Lo scorso novembre, durante una visita a Nantong, Xi Jinping lanciava un monito la cui reale portata sarebbe emersa completamente solo in seguito. Quel giorno il presidente cinese si era recato al museo della città e in un importante discorso riportato dai media nazionali aveva affermato che Zhang Jian, fondatore del museo e imprenditore-filantropo nella Cina di inizio ‘900, era “un uomo virtuoso di un’epoca passata e un modello per gli imprenditori cinesi”.

Nel proprio discorso Xi lodava non solo gli sforzi imprenditoriali compiuti da Zhang agli albori dell’industrializzazione cinese, ma anche i suoi contributi per la costruzione delle prime istituzioni culturali e scientifiche moderne della Cina, nonché per lo sviluppo di un sistema embrionale di assistenza sociale per i poveri. Nella narrazione di Xi, in sintesi, Zhang veniva indicato come un imprenditore “patriottico” il cui operato mirava a modernizzare il paese e rafforzarlo contro l’imperialismo europeo di inizio secolo.

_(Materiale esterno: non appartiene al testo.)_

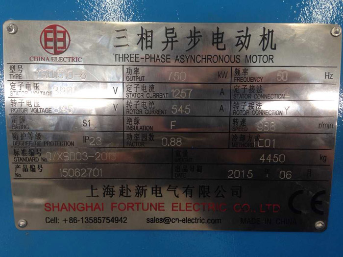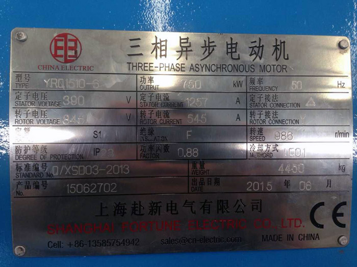2 pcs 750 Kw, stator 390 V/1257 A, 6 pole 988 r/min, JR1510-6 wound rotor slip ring motors for steel rolling mill were shipped for Karachi Pakistan Aug. 20th, 2015.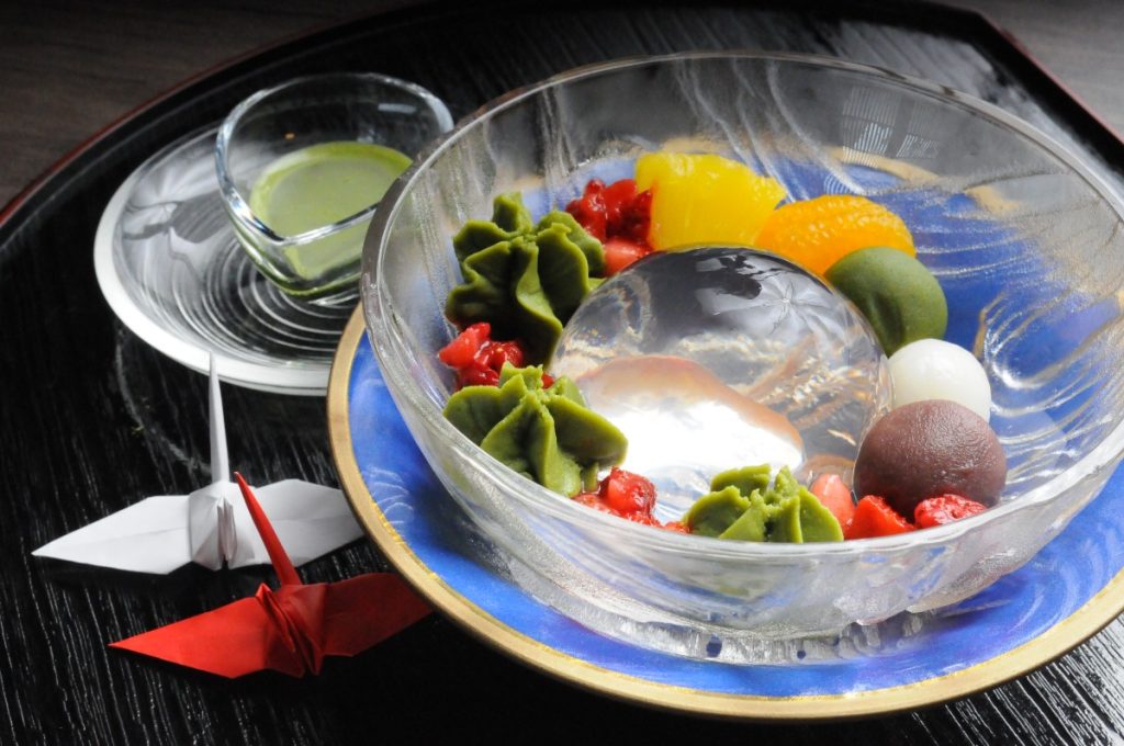 ゼリーの周りには、赤こしあん、白玉、フルーツの他に、自然栽培で育った大和茶の抹茶を使った抹茶あんこと抹茶あんこクリームがあしらわれている。

Negli stessi giorni le autorità cinesi bloccavano l’offerta pubblica iniziale di Ant Group – il braccio finanziario di Alibaba – alla borsa di Hong Kong, dando così inizio a una intensissima stagione di regolamentazione dell’economia digitale cinese che dura ancor’oggi e dalla quale nessuna delle grandi aziende tech è uscita illesa. I regolatori hanno infatti rovesciato una pioggia di provvedimenti che hanno completamente stravolto le dinamiche del settore, basti ricordare la multa record da $2,8 miliardi per comportamento monopolistico comminata proprio ad Alibaba nell’aprile scorso.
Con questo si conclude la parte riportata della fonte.